> **To do**: Please, without any pictures, transcribe the lines from the one holding "Increase student understanding" to the end of the listing, both ends included.

------ Records to process

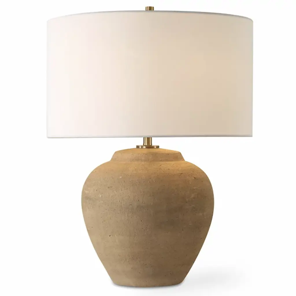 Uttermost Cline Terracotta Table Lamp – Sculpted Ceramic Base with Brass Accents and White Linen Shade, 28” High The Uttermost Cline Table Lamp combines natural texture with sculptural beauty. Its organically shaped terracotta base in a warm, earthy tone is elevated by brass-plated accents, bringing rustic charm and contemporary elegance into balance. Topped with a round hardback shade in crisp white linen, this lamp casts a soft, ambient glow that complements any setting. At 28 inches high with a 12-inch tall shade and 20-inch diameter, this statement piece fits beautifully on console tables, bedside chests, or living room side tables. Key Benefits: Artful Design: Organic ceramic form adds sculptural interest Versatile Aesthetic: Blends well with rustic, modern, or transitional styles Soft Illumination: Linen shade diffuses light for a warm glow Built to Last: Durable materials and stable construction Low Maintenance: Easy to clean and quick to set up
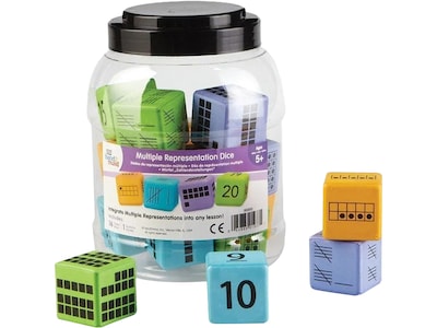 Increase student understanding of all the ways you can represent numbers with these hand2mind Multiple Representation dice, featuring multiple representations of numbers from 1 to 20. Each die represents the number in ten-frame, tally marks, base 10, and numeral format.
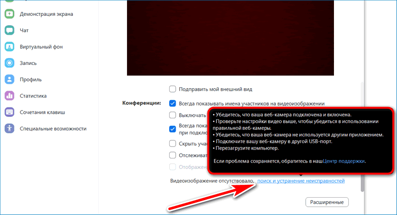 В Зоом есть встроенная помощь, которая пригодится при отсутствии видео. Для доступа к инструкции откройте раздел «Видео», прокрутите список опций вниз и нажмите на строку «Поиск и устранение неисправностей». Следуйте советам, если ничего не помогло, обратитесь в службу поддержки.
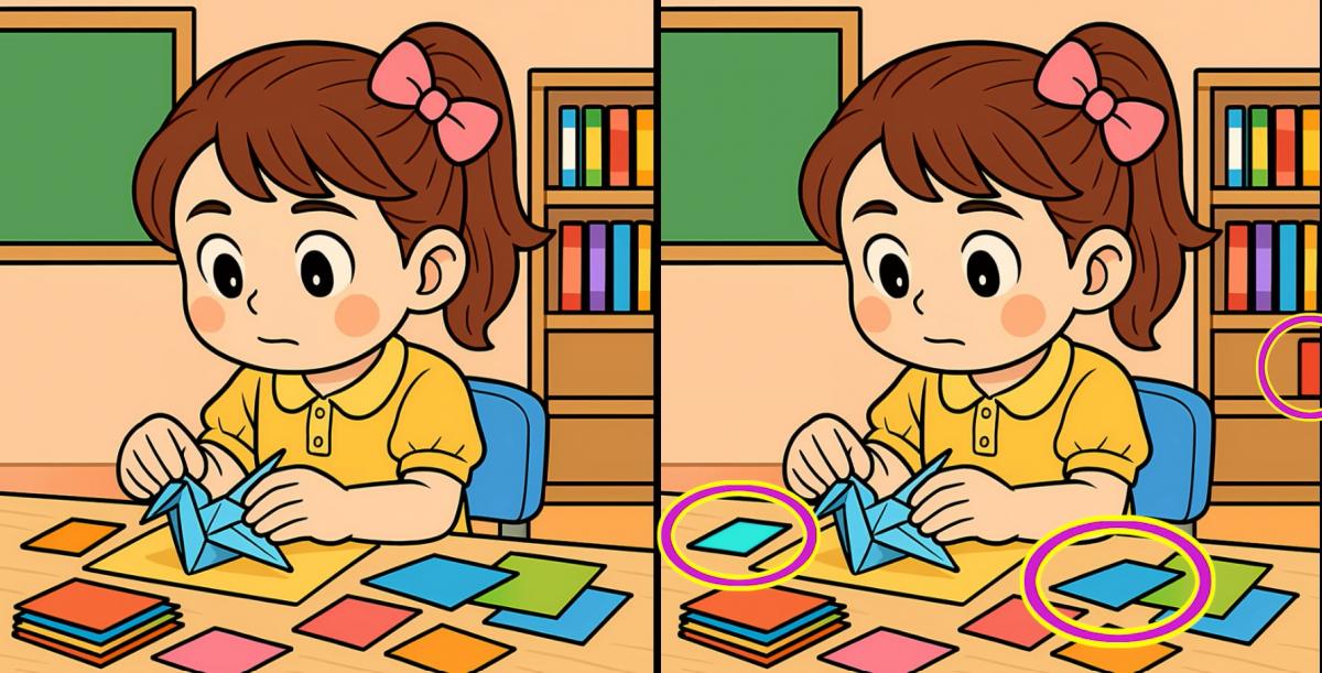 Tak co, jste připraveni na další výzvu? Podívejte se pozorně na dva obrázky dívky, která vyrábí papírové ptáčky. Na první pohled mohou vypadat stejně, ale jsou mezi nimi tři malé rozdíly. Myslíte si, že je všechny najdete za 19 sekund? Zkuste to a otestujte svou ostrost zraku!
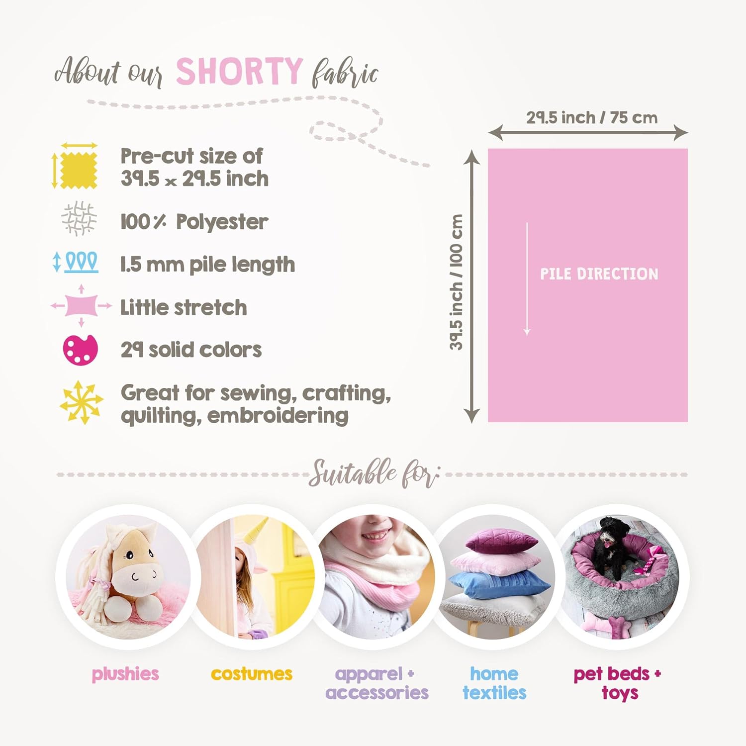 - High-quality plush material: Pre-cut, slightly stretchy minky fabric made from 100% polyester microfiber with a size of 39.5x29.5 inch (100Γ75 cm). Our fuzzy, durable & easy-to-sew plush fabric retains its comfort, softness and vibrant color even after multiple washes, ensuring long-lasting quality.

------------

> **Response for this exercise**:
 Increase student understanding of all the ways you can represent numbers with these hand2mind Multiple Representation dice, featuring multiple representations of numbers from 1 to 20. Each die represents the number in ten-frame, tally marks, base 10, and numeral format.
 В Зоом есть встроенная помощь, которая пригодится при отсутствии видео. Для доступа к инструкции откройте раздел «Видео», прокрутите список опций вниз и нажмите на строку «Поиск и устранение неисправностей». Следуйте советам, если ничего не помогло, обратитесь в службу поддержки.
 Tak co, jste připraveni na další výzvu? Podívejte se pozorně na dva obrázky dívky, která vyrábí papírové ptáčky. Na první pohled mohou vypadat stejně, ale jsou mezi nimi tři malé rozdíly. Myslíte si, že je všechny najdete za 19 sekund? Zkuste to a otestujte svou ostrost zraku!
 - High-quality plush material: Pre-cut, slightly stretchy minky fabric made from 100% polyester microfiber with a size of 39.5x29.5 inch (100Γ75 cm). Our fuzzy, durable & easy-to-sew plush fabric retains its comfort, softness and vibrant color even after multiple washes, ensuring long-lasting quality.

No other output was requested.